Однако даже исписанные всяческими надписями гробницы не могли приготовить путешественника к тому бедламу, который начинался за городскими воротами. Улицы Рима прокладывали вне соответствия с каким бы то ни было планом – такой мог бы составить разве что свихнувшийся на дальних перспективах деспот, а римские власти редко имели в своем распоряжении больше одного года. В результате город рос хаотично, повинуясь неуправляемым импульсам, потребностям и порывам. Сойдя с двух основных транспортных артерий Рима, Виа Сакра и Виа Нова, посетитель города мог скоро оказаться в безнадежной «пробке». «Мимо спешит взмокший на жаре подрядчик со своими носильщиками и мулами, камни и деревянные балки раскачиваются на веревке, свисающей с огромного крана, плакальщики на чьих-то похоронах борются за пространство с крепко сбитыми телегами, там несется обезумевший пес, тут валяется в грязи свинья». [26]26
Гораций, Послания, 2.2.72–5.
[Закрыть]Оказавшийся посреди такой круговерти путник почти неминуемо должен заблудиться.
Попасть в подобную ситуацию могли даже сами горожане. Выйти из нее можно было только запомнив какие-то заметные ориентиры: скажем, смоковницу или рыночную колоннаду, а лучше всего храм, достаточно большой, чтобы подняться над лабиринтом узких улочек. К счастью, благочестие в Риме не оскудевало, и храмы в нем находились в большом изобилии. Почтение римлян к прошлому означало, что древние сооружения сносились редко, даже в тех случаях, когда открытые пространства, посреди которых они стояли, давно исчезали под кирпичом. Храмы высились над трущобами и мясными рынками, в них таились неизвестно кому принадлежащие изваяния в тогах, и ни у кого не поднималась рука снести и их. Эти сохраненные в камне остатки архаического прошлого, ископаемые, уцелевшие от первых лет существования города, наделяли римлян столь отчаянно необходимой опорой и выдержкой. Вечные, как населявшие их боги, храмы эти казались брошенными в шторм якорями.
Тем временем со всех сторон, под стук молотков, грохот колес фургонов и скрежет гравия под ногами город бесконечно перестраивался, ломался и возводился снова. Застройщики неусыпным оком искали новый способ выжать дополнительное пространство, а значит, и новую выгоду для себя.
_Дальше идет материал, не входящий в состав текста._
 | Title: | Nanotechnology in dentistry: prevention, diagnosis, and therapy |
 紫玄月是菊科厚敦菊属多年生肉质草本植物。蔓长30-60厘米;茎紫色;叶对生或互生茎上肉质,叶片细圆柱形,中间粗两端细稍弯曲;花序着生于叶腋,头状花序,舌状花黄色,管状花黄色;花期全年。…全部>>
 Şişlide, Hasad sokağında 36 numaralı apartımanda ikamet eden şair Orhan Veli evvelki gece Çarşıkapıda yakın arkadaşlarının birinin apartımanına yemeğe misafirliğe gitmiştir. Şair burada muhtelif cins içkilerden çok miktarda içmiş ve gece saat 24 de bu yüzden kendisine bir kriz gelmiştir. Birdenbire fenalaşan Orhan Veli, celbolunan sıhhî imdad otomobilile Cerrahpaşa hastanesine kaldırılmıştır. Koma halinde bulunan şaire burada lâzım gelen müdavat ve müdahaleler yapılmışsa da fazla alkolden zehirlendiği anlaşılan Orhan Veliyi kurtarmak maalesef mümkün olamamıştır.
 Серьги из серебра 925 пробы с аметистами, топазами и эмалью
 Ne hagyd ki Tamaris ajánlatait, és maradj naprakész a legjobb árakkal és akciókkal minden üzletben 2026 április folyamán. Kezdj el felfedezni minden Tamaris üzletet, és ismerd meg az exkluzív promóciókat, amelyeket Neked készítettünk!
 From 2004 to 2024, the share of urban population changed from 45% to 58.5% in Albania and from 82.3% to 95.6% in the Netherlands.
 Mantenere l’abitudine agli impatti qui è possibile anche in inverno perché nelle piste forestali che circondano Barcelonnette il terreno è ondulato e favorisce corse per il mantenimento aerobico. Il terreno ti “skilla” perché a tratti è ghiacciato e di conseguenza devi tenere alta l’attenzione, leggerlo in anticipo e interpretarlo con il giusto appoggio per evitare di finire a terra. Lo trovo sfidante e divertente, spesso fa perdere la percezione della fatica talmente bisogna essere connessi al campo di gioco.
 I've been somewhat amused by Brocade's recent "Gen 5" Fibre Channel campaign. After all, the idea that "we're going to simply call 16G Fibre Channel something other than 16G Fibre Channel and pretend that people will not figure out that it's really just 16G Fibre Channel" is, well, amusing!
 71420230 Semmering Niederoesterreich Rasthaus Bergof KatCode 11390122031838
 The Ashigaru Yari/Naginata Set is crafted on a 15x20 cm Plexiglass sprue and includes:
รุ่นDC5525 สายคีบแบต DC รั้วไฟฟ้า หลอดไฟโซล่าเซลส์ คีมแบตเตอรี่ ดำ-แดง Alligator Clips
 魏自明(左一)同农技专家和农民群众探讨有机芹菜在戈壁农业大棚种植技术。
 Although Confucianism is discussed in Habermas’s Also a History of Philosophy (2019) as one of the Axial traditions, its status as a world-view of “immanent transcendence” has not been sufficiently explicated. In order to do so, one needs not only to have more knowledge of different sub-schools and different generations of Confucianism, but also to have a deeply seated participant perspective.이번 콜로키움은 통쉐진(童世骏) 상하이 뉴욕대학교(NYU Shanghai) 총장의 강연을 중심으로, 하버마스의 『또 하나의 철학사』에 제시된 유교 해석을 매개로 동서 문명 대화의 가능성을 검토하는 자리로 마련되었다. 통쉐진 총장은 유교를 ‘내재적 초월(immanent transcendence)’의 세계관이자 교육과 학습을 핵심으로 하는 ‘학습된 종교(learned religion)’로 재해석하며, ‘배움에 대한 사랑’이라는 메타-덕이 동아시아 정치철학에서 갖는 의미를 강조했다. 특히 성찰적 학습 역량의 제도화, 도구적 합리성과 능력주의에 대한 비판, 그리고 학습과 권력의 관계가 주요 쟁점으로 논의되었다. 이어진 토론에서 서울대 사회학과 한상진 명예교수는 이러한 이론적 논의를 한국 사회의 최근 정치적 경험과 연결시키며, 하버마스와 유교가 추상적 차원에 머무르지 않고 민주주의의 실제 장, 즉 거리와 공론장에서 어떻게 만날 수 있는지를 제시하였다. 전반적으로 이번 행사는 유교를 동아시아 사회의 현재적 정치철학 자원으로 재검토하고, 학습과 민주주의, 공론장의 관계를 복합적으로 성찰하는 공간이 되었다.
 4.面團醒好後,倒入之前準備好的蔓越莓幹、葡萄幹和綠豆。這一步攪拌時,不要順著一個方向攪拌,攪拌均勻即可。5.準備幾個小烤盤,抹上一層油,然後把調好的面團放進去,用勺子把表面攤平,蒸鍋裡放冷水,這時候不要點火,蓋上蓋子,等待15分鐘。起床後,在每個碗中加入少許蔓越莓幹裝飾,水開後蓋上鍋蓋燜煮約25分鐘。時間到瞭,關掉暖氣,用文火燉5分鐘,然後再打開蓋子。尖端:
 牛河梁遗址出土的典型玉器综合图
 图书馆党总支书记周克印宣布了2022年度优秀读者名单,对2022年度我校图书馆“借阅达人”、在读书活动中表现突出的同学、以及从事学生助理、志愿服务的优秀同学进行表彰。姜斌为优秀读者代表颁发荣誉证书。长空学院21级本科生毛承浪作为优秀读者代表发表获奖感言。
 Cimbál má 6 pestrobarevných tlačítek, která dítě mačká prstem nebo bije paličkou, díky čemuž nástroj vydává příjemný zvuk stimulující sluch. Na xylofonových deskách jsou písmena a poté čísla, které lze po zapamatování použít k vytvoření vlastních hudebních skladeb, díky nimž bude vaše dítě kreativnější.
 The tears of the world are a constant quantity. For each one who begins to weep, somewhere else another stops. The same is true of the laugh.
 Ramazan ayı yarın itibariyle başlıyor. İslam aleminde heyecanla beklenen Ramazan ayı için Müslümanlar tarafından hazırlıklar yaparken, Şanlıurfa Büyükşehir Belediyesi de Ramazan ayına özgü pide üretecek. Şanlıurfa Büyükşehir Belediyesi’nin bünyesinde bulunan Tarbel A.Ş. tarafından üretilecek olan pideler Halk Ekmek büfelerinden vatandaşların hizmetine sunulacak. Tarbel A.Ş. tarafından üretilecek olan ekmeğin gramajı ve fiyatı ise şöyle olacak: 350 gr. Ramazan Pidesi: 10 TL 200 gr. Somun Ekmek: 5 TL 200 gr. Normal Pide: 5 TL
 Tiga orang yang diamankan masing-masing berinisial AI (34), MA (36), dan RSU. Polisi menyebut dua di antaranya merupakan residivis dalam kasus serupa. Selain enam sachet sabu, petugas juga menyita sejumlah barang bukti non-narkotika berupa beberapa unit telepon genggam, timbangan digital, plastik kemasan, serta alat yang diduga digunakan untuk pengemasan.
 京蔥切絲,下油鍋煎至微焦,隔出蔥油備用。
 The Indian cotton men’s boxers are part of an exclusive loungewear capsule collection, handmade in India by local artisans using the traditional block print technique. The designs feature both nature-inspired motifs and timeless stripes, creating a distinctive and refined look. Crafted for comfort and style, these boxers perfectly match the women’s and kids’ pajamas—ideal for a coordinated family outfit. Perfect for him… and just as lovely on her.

Хибары разбегались по пожарищам как сорняки после дождя. Невзирая на всяческие старания городских чиновников содержать улицы в порядке, они постоянно оказывались загроможденными какими-нибудь торговыми прилавками или навесами бездомных. Наибольшие перспективы в городе, давно ограниченном своими древними стенами, сулило устремление к небу. Многоквартирные дома поднимались повсюду. Во II и I веках до Р.Х. землевладельцы, конкурируя друг с другом, поднимали их все выше и выше, – вопреки недовольству закона, поскольку сооружения эти оказывались страшно непрочными и шаткими. Однако контроль за требованиями безопасности был слишком слаб, чтобы преградить путь к наживе, которую сулило строительство многоэтажных трущоб. Распиханные по крохотным, тонкостенным комнатушкам шестиэтажного дома жильцы ожидали неминуемого обрушения дома, который неизменно возрождался, но уже с большим количеством этажей.
На латыни эти многоквартирные сооружения именовались словом insulae, или «острова» – тем самым многозначительно напоминая о том, что стояли они посреди жизненного моря, расплескивавшего свои волны на улицах города. Здесь самым отчаянным образом проявляло себя отчуждение, рожденное городскими просторами. Обитатели инсул знали свою неприкаянность, отсутствие корней в обществе не понаслышке. Даже первые этажи инсул обыкновенно были лишены канализации и водопровода. И тем не менее сточные артерии и акведуки становились предметом гордости римлян, когда они стремились прославить свой город, сравнивая практичность своих общественных сооружений с бесполезными причудами греков. Клоака Максима, чудовищная сточная магистраль Рима, служила городу своим нутром еще до основания Республики. Акведуки, построенные на средства, награбленные на Востоке, не менее ярко демонстрировали склонность римлян к коммунальному быту. Протянувшиеся на расстояние до тридцати пяти миль, они доставляли в сердце города прохладную воду с гор. Даже греки иногда выражали свое восхищение. «Акведуки доставляют столько воды, что она течет как в реке», писал один из географов. «В Риме не было дома, в котором не нашлось бы цистерны, водопроводной трубы или журчащего фонтана». [27]27
Страбон, 5.3.8.
[Закрыть]Очевидно, маршрут «туристической поездки» этого грека не пролегал по трущобам.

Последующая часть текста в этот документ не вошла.